◆ **WORK INSTRUCTIONS**
With the pictures left out, write out exactly the lines of the listing below that run from the line with "Cheminement de plaque" through the line with "- Slush Puppie, gusti".

◆ **TASK INPUTS**
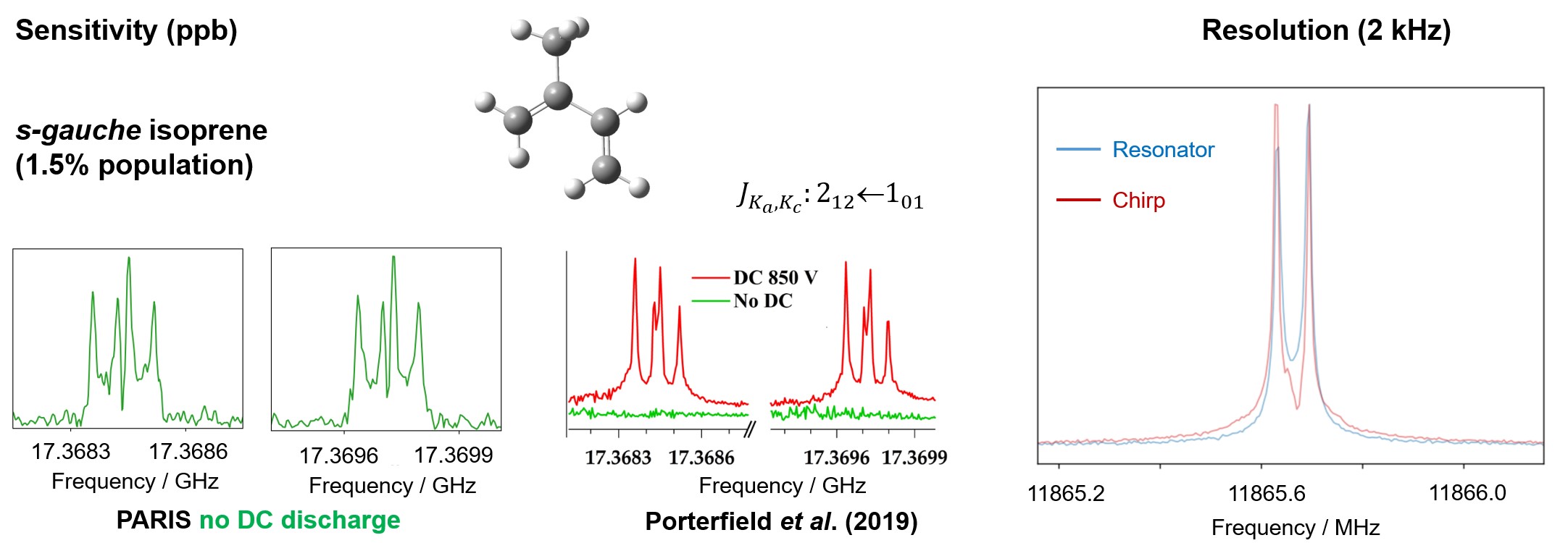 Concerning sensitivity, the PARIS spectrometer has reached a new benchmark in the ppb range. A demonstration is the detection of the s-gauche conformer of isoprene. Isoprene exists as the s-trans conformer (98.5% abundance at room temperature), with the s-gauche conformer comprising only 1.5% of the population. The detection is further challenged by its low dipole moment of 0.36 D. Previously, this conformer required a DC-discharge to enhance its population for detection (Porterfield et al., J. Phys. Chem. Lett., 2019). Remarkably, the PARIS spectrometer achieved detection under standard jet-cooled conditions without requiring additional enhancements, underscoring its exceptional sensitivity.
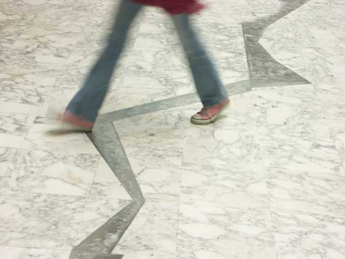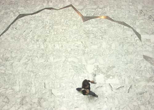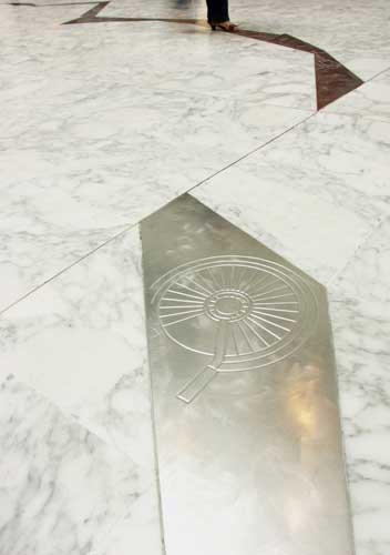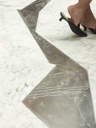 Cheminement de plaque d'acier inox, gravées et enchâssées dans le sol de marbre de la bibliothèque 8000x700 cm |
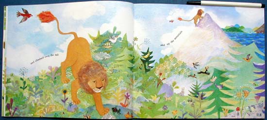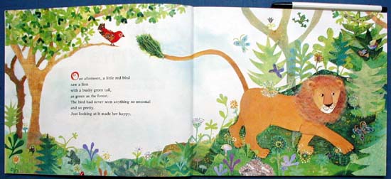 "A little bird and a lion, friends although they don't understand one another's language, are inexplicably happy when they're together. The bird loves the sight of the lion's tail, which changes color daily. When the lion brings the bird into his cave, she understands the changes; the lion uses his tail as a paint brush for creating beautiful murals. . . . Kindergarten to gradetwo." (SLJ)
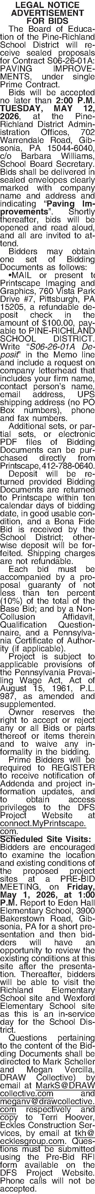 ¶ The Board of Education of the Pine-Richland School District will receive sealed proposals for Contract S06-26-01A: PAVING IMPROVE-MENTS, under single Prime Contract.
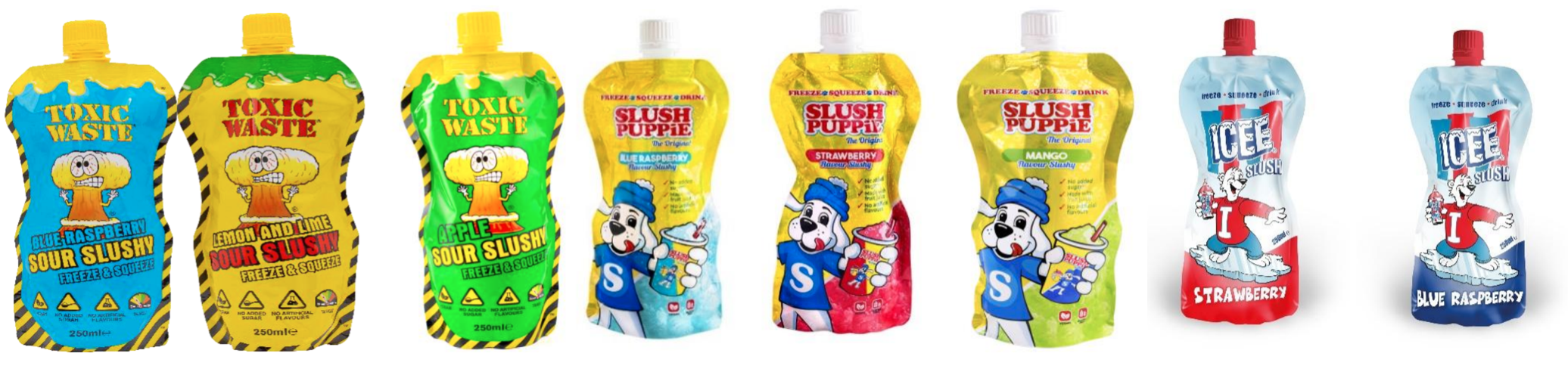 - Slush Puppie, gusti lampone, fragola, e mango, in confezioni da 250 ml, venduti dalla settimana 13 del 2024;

...

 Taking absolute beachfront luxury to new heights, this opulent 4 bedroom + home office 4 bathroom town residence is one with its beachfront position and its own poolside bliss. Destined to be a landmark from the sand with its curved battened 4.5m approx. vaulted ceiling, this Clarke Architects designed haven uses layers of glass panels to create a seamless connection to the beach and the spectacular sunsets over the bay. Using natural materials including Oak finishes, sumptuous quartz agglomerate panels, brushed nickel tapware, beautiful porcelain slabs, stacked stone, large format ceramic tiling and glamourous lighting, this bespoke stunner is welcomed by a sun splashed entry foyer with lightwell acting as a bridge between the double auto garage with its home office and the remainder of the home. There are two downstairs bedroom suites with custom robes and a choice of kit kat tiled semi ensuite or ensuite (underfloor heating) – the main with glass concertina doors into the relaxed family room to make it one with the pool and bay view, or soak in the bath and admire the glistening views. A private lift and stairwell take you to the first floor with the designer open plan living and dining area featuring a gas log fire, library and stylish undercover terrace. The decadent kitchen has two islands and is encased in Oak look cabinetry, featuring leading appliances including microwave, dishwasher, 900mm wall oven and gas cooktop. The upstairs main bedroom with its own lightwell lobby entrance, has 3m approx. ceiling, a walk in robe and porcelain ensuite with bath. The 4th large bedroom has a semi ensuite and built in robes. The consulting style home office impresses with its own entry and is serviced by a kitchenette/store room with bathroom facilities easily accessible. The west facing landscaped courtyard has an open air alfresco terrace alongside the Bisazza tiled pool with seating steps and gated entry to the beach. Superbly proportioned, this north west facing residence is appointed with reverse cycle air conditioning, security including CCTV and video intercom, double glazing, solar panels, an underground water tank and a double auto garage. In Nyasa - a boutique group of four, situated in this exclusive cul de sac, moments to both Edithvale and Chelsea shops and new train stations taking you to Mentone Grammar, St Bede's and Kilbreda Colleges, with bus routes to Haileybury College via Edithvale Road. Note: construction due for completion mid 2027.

◆ **EXERCISE SOLUTION**
 Cheminement de plaque d'acier inox, gravées et enchâssées dans le sol de marbre de la bibliothèque 8000x700 cm |
 "A little bird and a lion, friends although they don't understand one another's language, are inexplicably happy when they're together. The bird loves the sight of the lion's tail, which changes color daily. When the lion brings the bird into his cave, she understands the changes; the lion uses his tail as a paint brush for creating beautiful murals. . . . Kindergarten to gradetwo." (SLJ)
 ¶ The Board of Education of the Pine-Richland School District will receive sealed proposals for Contract S06-26-01A: PAVING IMPROVE-MENTS, under single Prime Contract.
 - Slush Puppie, gusti lampone, fragola, e mango, in confezioni da 250 ml, venduti dalla settimana 13 del 2024;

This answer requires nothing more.